Ask yourself the questions like, “What would I like to talk with a therapist about?” and "Who would I be most comfortable with?" You’ll likely set some mental health goals with your therapist when you first get started, but tackling these questions early on in your search opens the potential for you to more easily find a therapist who can meet you where you're at.
Here are a few more specific specialties to consider depending on your needs:
- Addictions: If you’re hoping to find ways to break an addiction or harmful habit - or if you’re impacted by someone else’s addiction - connecting with a therapist who specializes in addiction is a good choice. Addiction might even look like sports betting, gambling, or obsessions over the stock market.

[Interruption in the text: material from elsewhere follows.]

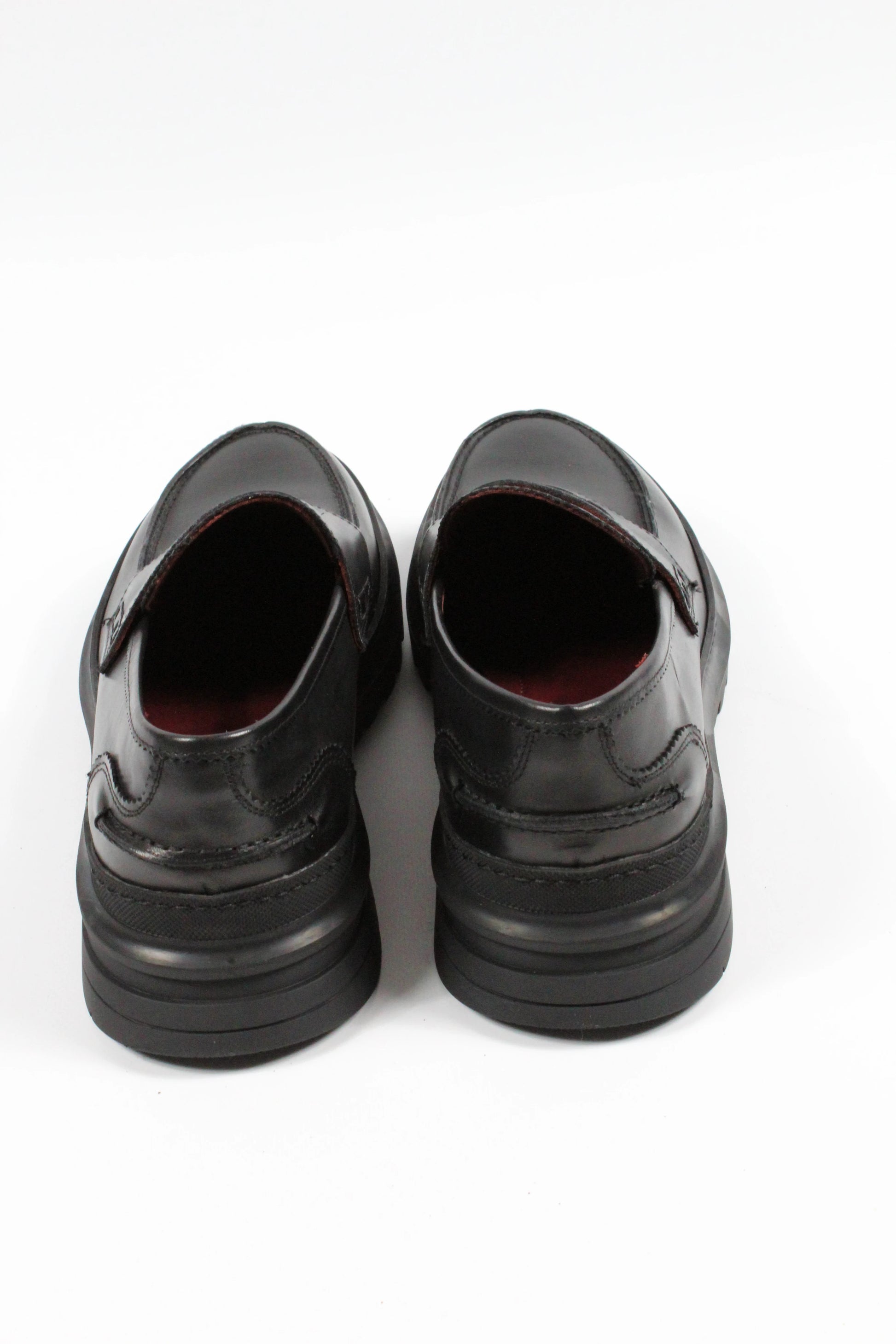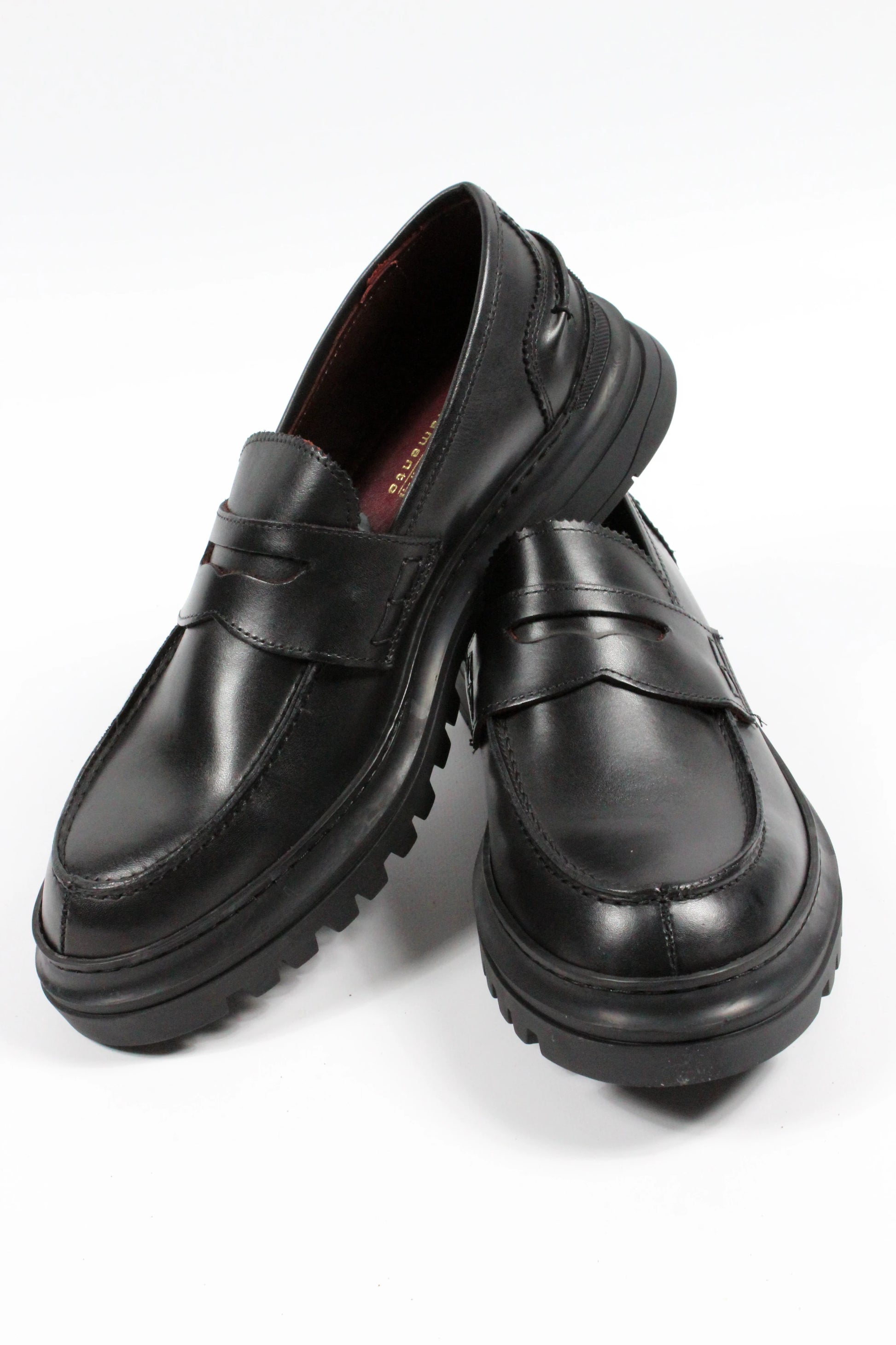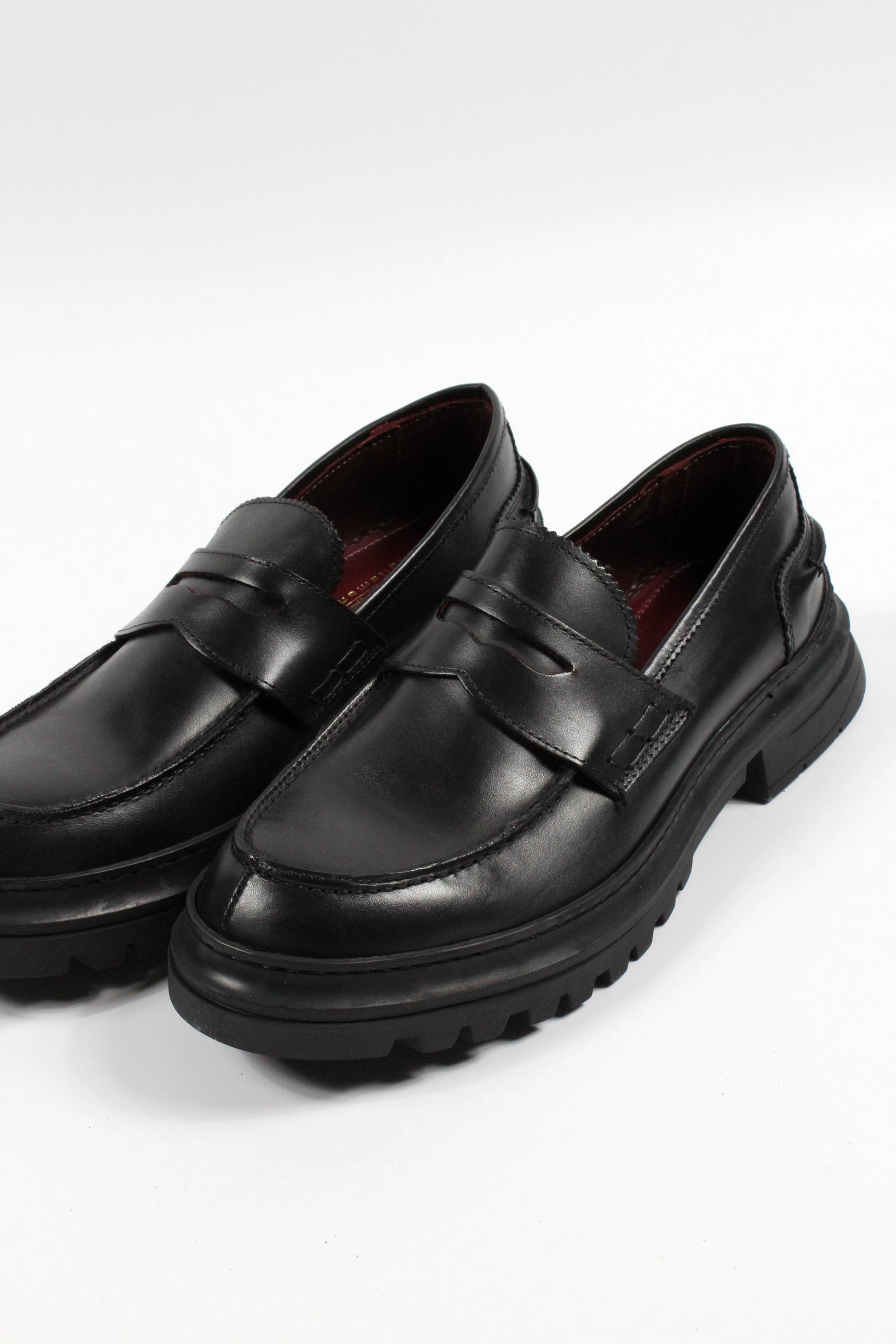 Mocassino in pelle di vitello nero liscio con suola in gomma a carro-armato per una perfetta tenuta su ogni terreno. Grazie allo spessore della suola isola perfettamente dal freddo. Made in Italy. Calzata regolare.

- Trauma: If you’ve experienced adverse events such as abuse, crime, religious trauma, natural disasters, or others, and would like to process through what happened and find coping strategies, a trauma informed therapist can be a great person to help you start healing.
- Identity development: If you would like to explore your identity and how you show up in the world - whether that’s race, sexuality, religion, relationship status, etc - a therapist with special training in these topics can assist you as you unpack these complexities.
You may also consider what you prefer in a therapist beyond specialty and training. These can be attributes like gender, appearance, race, cultural background, language, or exposure to certain fields (e.g. business, arts). Finding a therapist that you feel comfortable around and connected to is paramount to your ability to open up in session. If meeting with a therapist of color is important to you, there’s nothing wrong with making that a major consideration in your search.
If you’re unsure of whether a therapist’s specialities match your areas of need, make sure to confirm with them during an initial phone call.
3. Give a few therapists a call to explore the options
After giving yourself time to consider all these logistics and personal preferences, it’s time to finalize your search! Zencare makes it easy for you to view therapist profiles, watch introductory videos, see therapist specializations, and schedule a quick phone call with a prospective therapist – all to make it easier on you to find the perfect fit.
Philadelphia is a very unique city and has many talented, passionate therapists within its limits. We're here to support you in the start of your mental health journey, and wish you luck!